▶ _TASK_:
From the first line of the data through the line containing "The Odessa Dress", return each line exactly.
*** SOURCE MATERIAL ***
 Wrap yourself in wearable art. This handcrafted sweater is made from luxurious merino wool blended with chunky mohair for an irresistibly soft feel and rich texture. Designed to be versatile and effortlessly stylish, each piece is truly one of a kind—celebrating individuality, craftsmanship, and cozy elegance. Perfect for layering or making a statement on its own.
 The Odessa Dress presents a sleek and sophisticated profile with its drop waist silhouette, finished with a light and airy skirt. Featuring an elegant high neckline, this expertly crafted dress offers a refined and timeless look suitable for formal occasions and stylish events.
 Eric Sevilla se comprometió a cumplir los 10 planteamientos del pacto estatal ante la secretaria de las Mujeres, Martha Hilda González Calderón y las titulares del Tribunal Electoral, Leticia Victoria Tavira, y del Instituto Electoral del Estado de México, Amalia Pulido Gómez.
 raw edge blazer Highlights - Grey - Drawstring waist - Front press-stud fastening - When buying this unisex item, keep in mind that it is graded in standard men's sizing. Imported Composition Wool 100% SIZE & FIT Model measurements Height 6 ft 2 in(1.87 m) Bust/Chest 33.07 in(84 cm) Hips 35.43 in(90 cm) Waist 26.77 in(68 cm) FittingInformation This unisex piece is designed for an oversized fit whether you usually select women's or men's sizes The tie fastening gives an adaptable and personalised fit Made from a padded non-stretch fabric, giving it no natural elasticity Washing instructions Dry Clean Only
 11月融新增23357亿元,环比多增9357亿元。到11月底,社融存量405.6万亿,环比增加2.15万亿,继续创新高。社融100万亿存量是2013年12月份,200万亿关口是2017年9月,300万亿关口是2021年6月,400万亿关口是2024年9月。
***
▶ _TASK SOLUTION_:
 Wrap yourself in wearable art. This handcrafted sweater is made from luxurious merino wool blended with chunky mohair for an irresistibly soft feel and rich texture. Designed to be versatile and effortlessly stylish, each piece is truly one of a kind—celebrating individuality, craftsmanship, and cozy elegance. Perfect for layering or making a statement on its own.
 The Odessa Dress presents a sleek and sophisticated profile with its drop waist silhouette, finished with a light and airy skirt. Featuring an elegant high neckline, this expertly crafted dress offers a refined and timeless look suitable for formal occasions and stylish events.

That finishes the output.